• le Professeur Michel Bounias

    Professeur de biochimie agronomique, Michel Bounias, chercheur à l'INRA d'Avignon (Institut National de Recherche en Agronomie) fût le récipiendaire des échantillons recueillis par les gendarmes sur le cas de Trans-en-Provence survenu le 8 janvier 1981.

    Michel Bounias avait fait sa thèse sur l'effet de radiations sur les plantes. Effets qu'il mesurait en effectuant un dosage des pigments par une méthode appelée chromatographie sur couches minces.

    Suite aux analyses qu'il réalisa sur les échantillons, il constata des différences très sensibles entre les échantillons prélévés à l'intérieur de la trace au sol, et ceux prélevés en périphérie extérieure de cette trace, et ce au niveau des équipements pigmentaires des plantes (Chlorophylles A et B, carotène, phéphytine, etc...).

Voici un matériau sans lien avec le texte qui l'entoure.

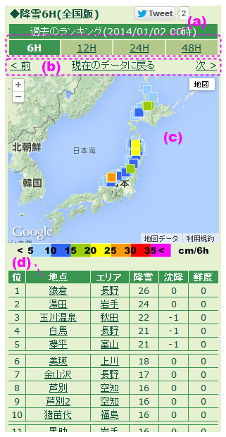 観測地点のデータ同様、過去のランキングを検索できます(本年度と昨年度)。最初にデータ期間(6時間、12時間、24時間、48時間)を選択してください。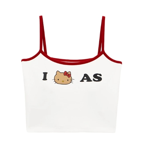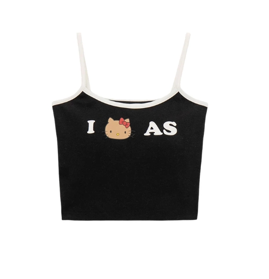 【Hello Kitty聯名】撞色滾邊印花字母細肩帶短版背心(附胸墊)

    Intrigué, il a demandé à ce que des prélèvements soient faits, tous les mètres, jusqu'à une distance de dix mètres du centre de la trace. Il a alors constaté que la perturbation évoluait de manière extrêmement régulière en fonction de la distance et que le coefficient de corrélation, vis-à-vis d'un phénomène en 1/r2 (radiatif), était très élevé (0,99).

    Il en déduit que les effets constatés devaient être causés par un phénomène de type radiatif. Il en a rendu compte, en précisant qu'il ne voyait nul effecteur capable de produire une telle chose. Des essais d'explications basés sur des projections de ciment s'avérèrent vains.

    Bounias s'exprima librement dans les médias, mais il se borna à dire ce qu'il avait constaté. C'était un homme ouvert, un authentique scientifique. Mais c'était déjà bien au delà de ce qui pouvait être toléré.

    En faisant cela, Bounias montrait qu'il pouvait y avoir une donnée factuelle, objective, scientifiquement exploitable, liée au phénomène ovni, autre qu'un témoignage humain, lequel pouvait toujours être soumis à caution.

    La réaction ne se fit pas attendre : peu de temps après, sa hiérarchie le priva de crédits, de personnel, de locaux, et il se retrouva " déporté" , seul dans un bureau de l'Université d'Avignon, où il finit misérablement sa carrière, privé de tous moyens de recherche.


    Inexpliqué à ce jour, que ce cas ait été la conséquence de l'atterrissage d'un engin extra-terrestre ou qu'il trouve un jour une explication plus "terrestre", le cas de Michel Bounias illustre bien malheureusement le traitement réservé aux professionnels qui osent simplement dire publiquement toute vérité, lorsque celle-cie risquerait d'aller dans le sens de l'hypothèse Extra-terrestre.

    Ajoutons au passage qu'il fut un des tous premiers à signaler la toxicité des pesticides et leurs effets dévastateurs sur les populations d'abeilles (dans l'indifférence la plus totale).